The consensus is very much as Robz888 points out in the article, but... I am not at ALL convinced that this is even very close to the right way to play. Indeed, I think as just a big money enabler, it's not that great at all. You use it largely for gold/silver, and well, those silvers you give them are pretty useful. Especially if there's some other 5-cost that's nice for them. Or a 4-cost even, as a defensive trash for points. Those are huge by the way. They make all kinds of alternate-victory cards very relevant. Particularly, you look at silk road, gardens, island - ways to trash your zillion extra silvers defensively.
But, look at how governor for big money compares against more conventional BM strategies. Well, you're giving them silvers, which is actually a big deal - it lets them get more of their terminals, which they may indeed need to do in order to compete with you, but if they're paying attention, they will do.

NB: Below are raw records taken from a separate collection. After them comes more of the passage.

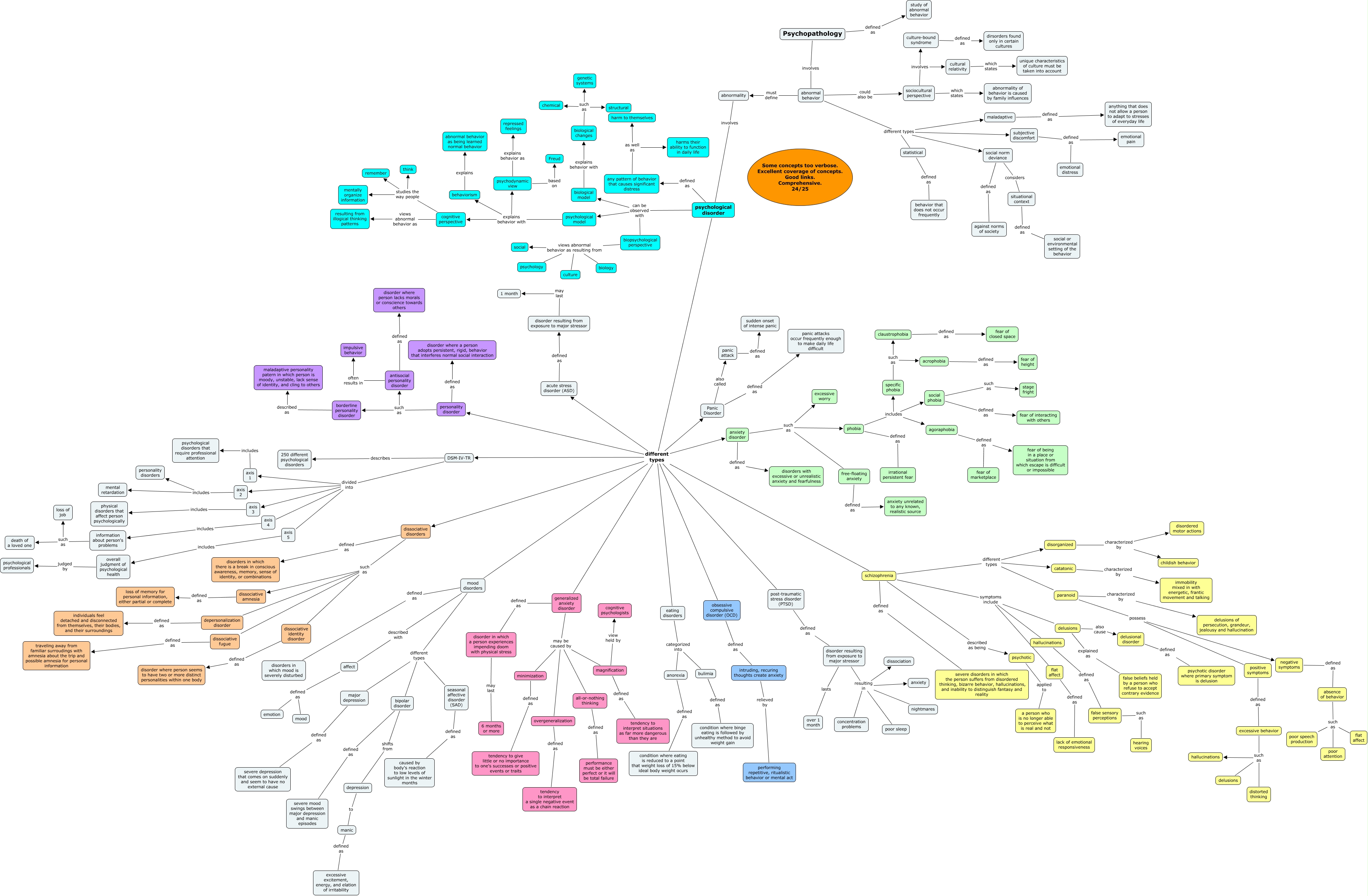 This Concept Map, created with IHMC CmapTools, has information related to: Ch14 Young Baek 24, dissociative disorders defined as disorders in which there is a break in conscious awareness, memory, sense of identity, or combinations, cognitive perspective studies the way people think, axis 3 includes physical disorders that affect person psychologically, disorder resulting from exposure to major stressor resulting in concentration problems, minimization defined as tendency to give little or no importance to one's successes or positive events or traits, psychological disorder different types personality disorder, acute stress disorder (ASD) defined as disorder resulting from exposure to major stressor, paranoid characterized by delusions of persecution, grandeur, jealousy and hallucination, psychological disorder different types mood disorders, overgeneralization defined as tendency to interpret a single negative event as a chain reaction, paranoid possess positive symptoms, acrophobia defined as fear of height, delusional disorder defined as psychotic disorder where primary symptom is delusion, biopsychological perspective views abnormal behavior as resulting from biology, psychological disorder can be observed with biopsychological perspective, psychotic applied to a person who is no longer able to perceive what is real and not, cognitive perspective studies the way people remember, psychological model explains behavior with psychodynamic view, manic defined as excessive excitement, energy, and elation of irritability, false sensory perceptions such as hearing voices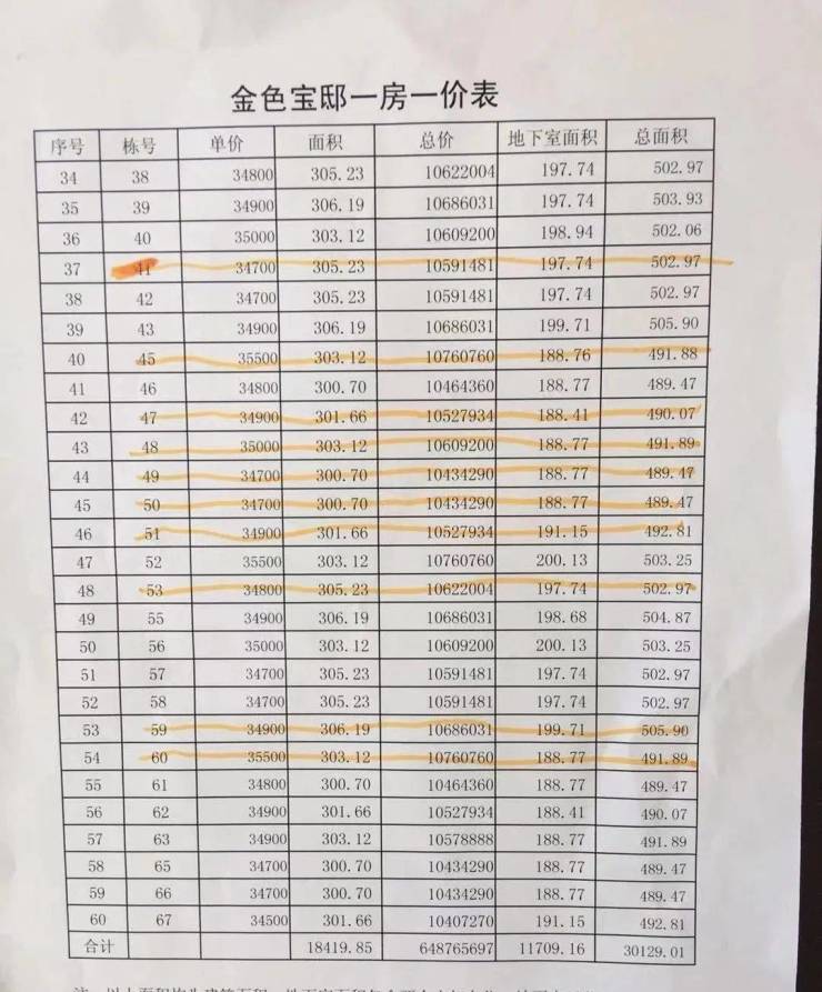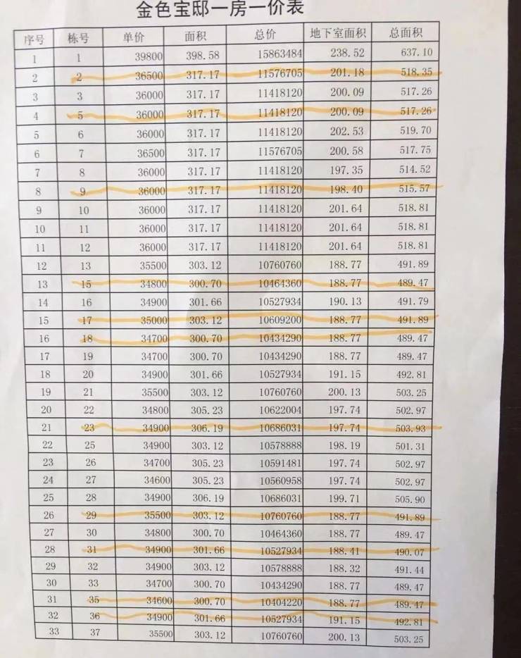 附一房一价表: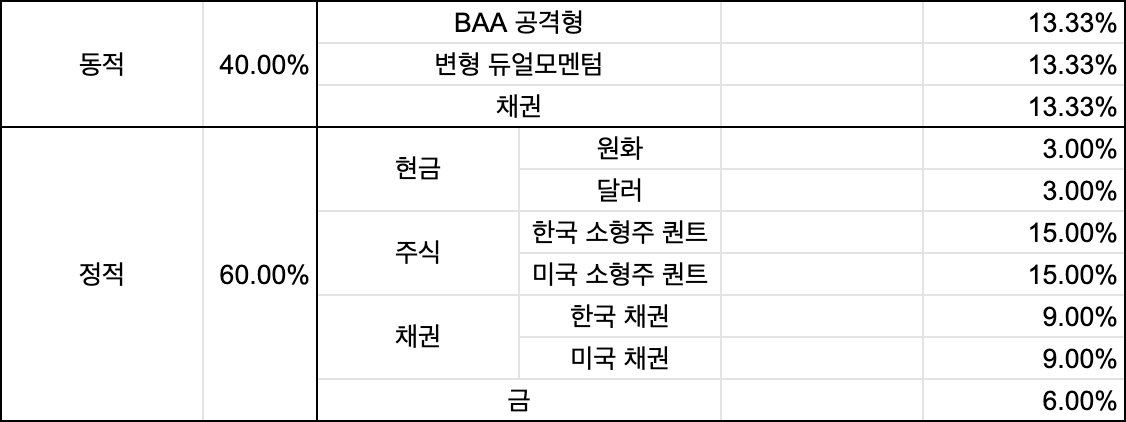 2023년부터는 동적자산배분+한국형 올웨더로 투자하려고 한다.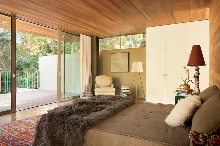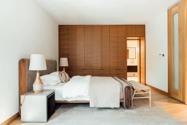 By Susan Taggart Design and Lloyd Architects. The goal of this bedroom suite was to create simplicity and rhythm through installing a series of wood panels, which hide the wardrobe, washer and dryer area and toilet room. Behind each panel of the lower and upper sections there are rods, shelves and pullout drawers for the storing of clothing and shoes. This allows the clients to store all of their essentials while maintaining a clean, seamless space. Photography by Mark Weinberg.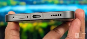 Coming to the button placements, the volume rockers and the power button are present on the right side of the phone. The dual SIM slot, loudspeaker grill, primary microphone, and USB Type-C port are present on the bottom. It doesn’t have a microSD expansion slot. On the top there is a vent for the speaker, a secondary microphone, and an infrared sensor.

They use your silvers to quite an advantage, particularly since Gov player is using lots of time buying governors, which only help you to get things that help you to get provinces for most of the game. The other player is buying cards which directly get them to provinces. Ad indeed, I am not nearly so sure that you should always prefer governor to gold, for these decks anyway. Perhaps the first one or two, but.... Really, for governor player to win these games, they really need multi-province turns. And usually, because to get this, you need to use lots of card-draw, they'll be able to nail a province for sure. Which means you need multiple multi-province turns and/or 3+province turns. Also, because these games tend to be shorter, you should green sooner. In fact, I find the games are often so short, that it's not so worth it. For big money, it's just a mediocre card, maybe even at best. But it does lead to shorter games, so one or two turns of shuffle luck can mean quite a bit more. I guess the big thing is, look at how many governor plays you have to do to get enough golds, then you need to be able to draw enough to get golds AND governors in your hand, AND have enough money to buy another province at the end...
However, there's more here. It's potentially quite good in engines. You can use the trash option to get some decent components at the right price points. Indeed, it's sort of like develop in that it's in some ways quite dependent on what's available at different price points. I guess swindler here also has some similarity. But more, the cards option is potentially very strong. There are a number of cases where you can use it with RELATIVE impunity. I mean, the first one is the discard attack as is stated, though you do want to be a little wary here (also, note that moat is a REALLY good defense to this - you're having me draw so many cards before attacking me, I have a good chance of drawing my moat. And even if I don't play it... it's defending like 5 of my cards now, instead of 2; well worth it), as a best 3 cards out of 8 or something is a lot better than 3 out of 5. But another situation is where you're playing against library/watchtower/jack - the cards don't help them much. More commonly, you're playing against someone who's drawing their whole deck anyway - no big deal then, if you make them do it a little faster. Still more commonly, they have no source of extra buy/gain. Sure, now you're guaranteeing them a province on their next turn. But if you can mega-turn, well then who cares? So what this option loves, and the card itself loves to some extent, are ways to mega0turn. Plus buys and gains that aren't limited to by cost (so with highway also works, but I'm largely thinking of HoP here), cards that love handsize (forge is nice, bank if you've got buys) - some way of making an engine, you're good. Also, in such games, you often have mirrors, right. And in this case, the gain option is more powerful - you can use the golds, to remodel if nothing else, much better than they can use the silvers. What will they do with the silver? I guess remodel it into governors. So, it's weird, governor sorta works better in non-mirrors, sort of how tribute works best in mirrors.
But I guess the thing I'd say most is that, while you're right to be somewhat wary of using cards too much, as that's a pretty nice benefit to your opponent, I think people may have learned that lesson too well, though maybe the top top players less so.